Simon Hudon (Apr 10 2018 at 06:33):
It could work without the generalizes but it would produce many more cases
Mario Carneiro (Apr 10 2018 at 06:34):
why is that?
Mario Carneiro (Apr 10 2018 at 06:34):
also isn't the first simp redundant?
Simon Hudon (Apr 10 2018 at 06:34):
Yeah, I just noticed that
Mario Carneiro (Apr 10 2018 at 06:35):
also the parens around the refine should be unnecessary
Simon Hudon (Apr 10 2018 at 06:35):
I mean: which first simp?
Simon Hudon (Apr 10 2018 at 06:37):
also the parens around the
refineshould be unnecessary
I think it might create a precedence problem with ;
Simon Hudon (Apr 10 2018 at 06:41):
To answer your first question: it generates many more cases because we only need cases number.max α (resp. cases number.min α) in one branch out of four so, at the first try, without the generalize, we end up with 8 cases instead of 5 and, at the second try, we end up with 16 cases instead of 6. We don't see all those cases but somehow knowing that they're there would give me nightmares
Mario Carneiro (Apr 10 2018 at 06:42):
does generalize fail if the target expression is not present?

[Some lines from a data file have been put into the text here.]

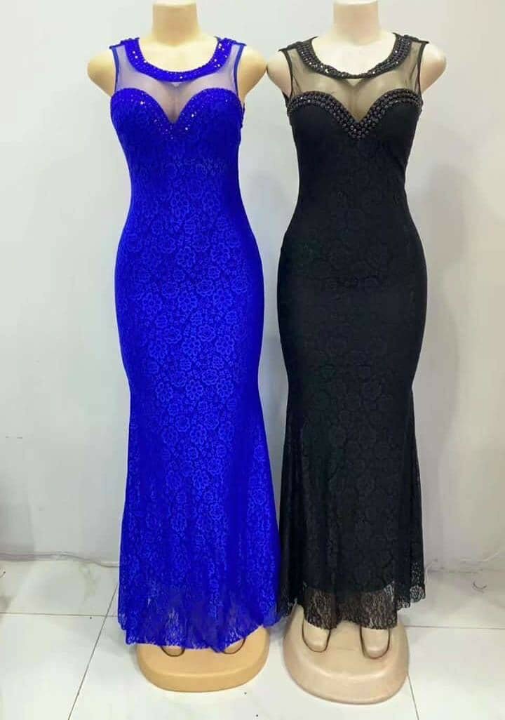 Robe longue en dentelle avec détails en tulle, parfait pour les occasions spéciales. Design élégant et sophistiqué, disponible en bleu royal et noir. Idéale pour les soirées et mariages.
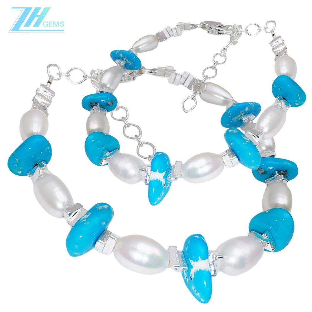 Elevate your jewelry collection with this exquisite handmade bracelet, where natural turquoise and lustrous pearls unite in timeless elegance. Crafted from sterling silver (S925), each piece showcases authentic gemstones selected for their unique character and beauty. The combination of calming turquoise and iridescent pearls creates a sophisticated aesthetic perfect for everyday wear or special occasions. This artisan-made design embodies goddess-inspired craftsmanship, making it an ideal holiday gift for the discerning woman who appreciates quality and natural beauty. A versatile accessory that transcends trends and celebrates the inherent splendor of nature's finest materials.
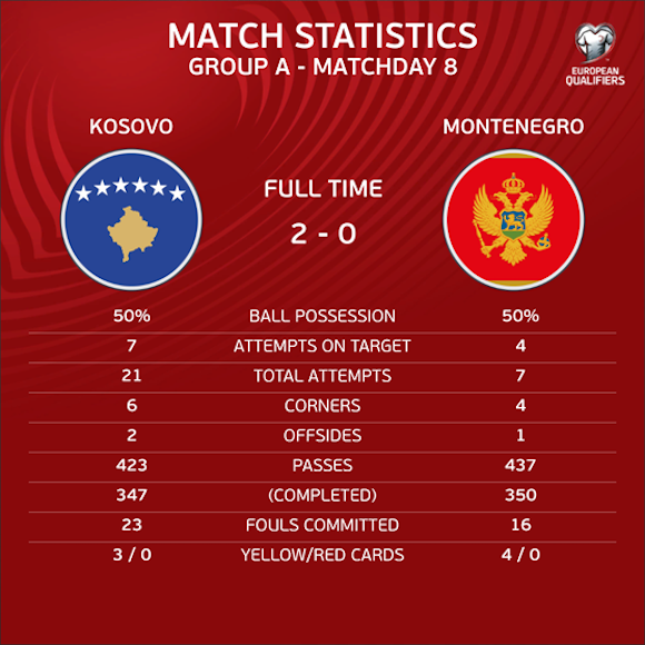 Косово запази шансове за класиране на Евро 2020, след като победи с 2:0 Черна гора в Прищина. Головете паднаха още преди почивката и бяха дело на Амир Рахмани и Ведат Мурики. Косоварите продължават да преследват второто място, доближавайки се само на точка зад Чехия. Черногорците пък се озоваха на дъното в групата, заедно с България.
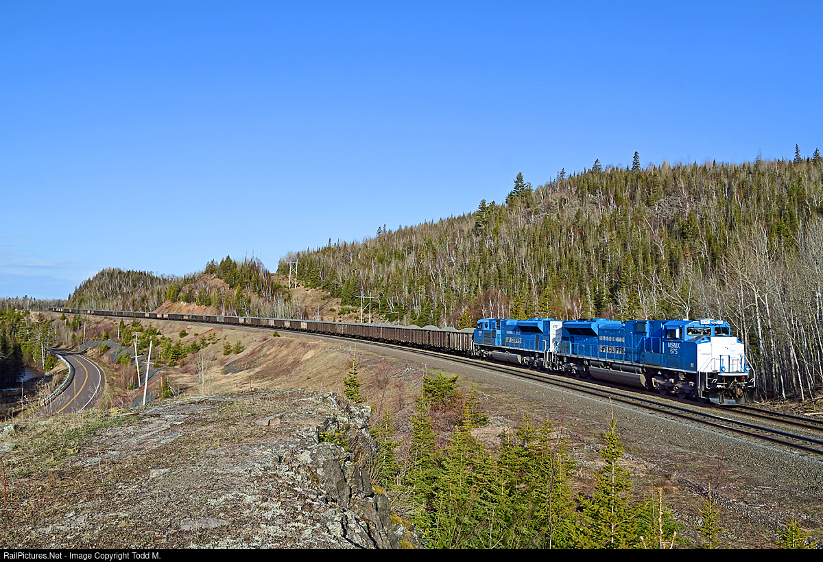 | After a yearlong shutdown, Northshore Mining is back up and running, albeit at a reduced capacity based on what owner Cleveland Cliffs needs so it was nice to see a train on this line again. Here come the 0500 loads down from the mine at Babbitt heading into the Lake Superior basin with the yard and plant at Silver Bay only few more miles ahead. |
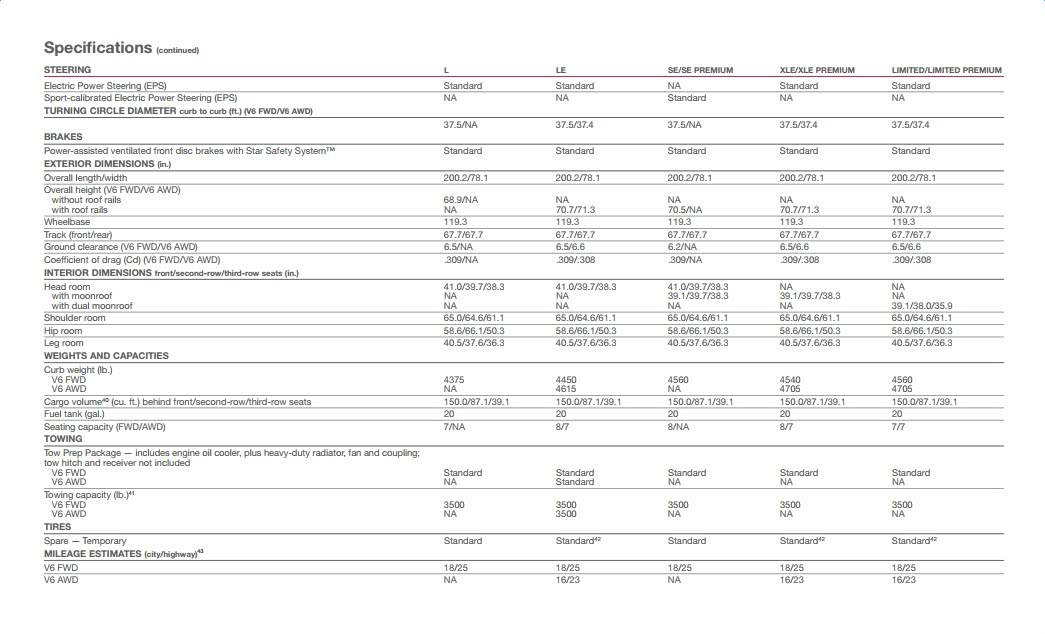 加版车型同样提供五个型号,FWD,LE FWD 8座,SE FWD 8座,限量版FWD 7座,LE AWD七座。也就是说要购买8座车型,加版只有前驱可供选择,四驱版本仅可以选择低配LE前驱版本。

Simon Hudon (Apr 10 2018 at 06:44):
generalize : number.max α = x does but not generalize h : number.max α = x
Simon Hudon (Apr 10 2018 at 06:48):
I kind of like this use of refine. Maybe a tactic such as if_then_else [is_trivial c,is_nonstrict c,is_lower_bound c] would be nicer though.
Mario Carneiro (Apr 10 2018 at 06:49):
A remark on theorems like this, where you have to go through all the cases in your original definition: You have to do this every time you want to prove anything about is_satisfiable, which is why I prefer to write a custom recursor that does the match splits for you. You can then use it to define is_satisfiable itself, as well as theorems proving properties about it
Simon Hudon (Apr 10 2018 at 06:49):
That make sense. Do you also write a tactic to apply the recursor?

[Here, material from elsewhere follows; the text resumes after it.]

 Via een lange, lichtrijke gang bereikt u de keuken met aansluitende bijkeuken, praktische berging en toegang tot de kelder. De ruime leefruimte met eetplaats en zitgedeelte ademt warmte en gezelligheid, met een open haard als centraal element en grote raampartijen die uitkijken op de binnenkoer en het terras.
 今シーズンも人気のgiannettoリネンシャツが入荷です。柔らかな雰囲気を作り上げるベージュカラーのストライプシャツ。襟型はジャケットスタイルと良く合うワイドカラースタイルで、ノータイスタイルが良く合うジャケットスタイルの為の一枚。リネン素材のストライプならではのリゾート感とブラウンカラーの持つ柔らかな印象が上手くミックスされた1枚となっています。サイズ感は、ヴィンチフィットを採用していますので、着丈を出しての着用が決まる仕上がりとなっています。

Mario Carneiro (Apr 10 2018 at 06:50):
by_cases is the tactic version of if then else
Simon Hudon (Apr 10 2018 at 06:50):
Can you give it multiple conditions?
Mario Carneiro (Apr 10 2018 at 06:50):
Not usually, I will either write it explicitly as a term or use apply is_satisfiable.rec
Mario Carneiro (Apr 10 2018 at 06:50):
no
Mario Carneiro (Apr 10 2018 at 06:51):
I'm not convinced you will always have this structure anyway; it seems like it's best just to nest the by_cases applications
Mario Carneiro (Apr 10 2018 at 06:52):
you could also have if h1 then if h2 then e1 else e2 else e3
Nima (Apr 10 2018 at 06:58):
Thank you for the solution.
By actually doing it, I can see cases number.max α creates a lot more cases than generalize : number.max α = x, cases x. But why (aren't they both cases on none and some _)?

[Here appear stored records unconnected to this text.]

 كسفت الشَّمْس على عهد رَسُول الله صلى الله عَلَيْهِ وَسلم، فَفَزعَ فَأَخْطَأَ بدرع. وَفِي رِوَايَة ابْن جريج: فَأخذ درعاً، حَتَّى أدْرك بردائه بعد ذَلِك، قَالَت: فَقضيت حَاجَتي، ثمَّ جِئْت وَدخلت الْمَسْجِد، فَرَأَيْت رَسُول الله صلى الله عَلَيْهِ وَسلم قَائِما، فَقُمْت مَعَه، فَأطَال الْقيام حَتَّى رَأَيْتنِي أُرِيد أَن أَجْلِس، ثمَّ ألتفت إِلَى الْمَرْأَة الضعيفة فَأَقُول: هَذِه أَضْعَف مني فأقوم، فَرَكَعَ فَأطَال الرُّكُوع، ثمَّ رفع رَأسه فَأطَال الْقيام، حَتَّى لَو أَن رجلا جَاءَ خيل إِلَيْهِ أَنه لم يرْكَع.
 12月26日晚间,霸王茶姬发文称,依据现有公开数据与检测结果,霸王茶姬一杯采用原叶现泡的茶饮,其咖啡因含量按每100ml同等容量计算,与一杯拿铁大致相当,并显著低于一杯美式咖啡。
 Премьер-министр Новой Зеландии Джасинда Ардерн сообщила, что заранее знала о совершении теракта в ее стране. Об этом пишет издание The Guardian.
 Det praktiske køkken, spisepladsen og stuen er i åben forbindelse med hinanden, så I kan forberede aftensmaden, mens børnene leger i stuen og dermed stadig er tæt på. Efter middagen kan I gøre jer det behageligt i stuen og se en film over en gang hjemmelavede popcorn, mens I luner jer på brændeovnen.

Simon Hudon (Apr 10 2018 at 07:00):
In generalize : number.max α = x, cases x, generalize : number.max α = x fails if number.max α is not used in the goal and therefore cases x doesn't get executed. It's a complicated way of saying cases number.max α but only if I actually use number.max α
Nima (Apr 10 2018 at 07:03):
I see,
Also, is this recuroser a concept in lean or Haskell?
... which is why I prefer to write a custom recursor that does the match splits for you. ...
Theorem Proving in Lean, Section 7.1
... It is also known as a recursor, and it is what makes the type “inductive” ...
??
Simon Hudon (Apr 10 2018 at 07:03):
By the time it is used, number.max α has disappeared from all but one goal
Simon Hudon (Apr 10 2018 at 07:06):
The recursor is a Lean and dependent type theory concept
Simon Hudon (Apr 10 2018 at 07:09):
In Lean, an inductive type definition is not a first class citizen. It is translated into a bunch of constants and definitions.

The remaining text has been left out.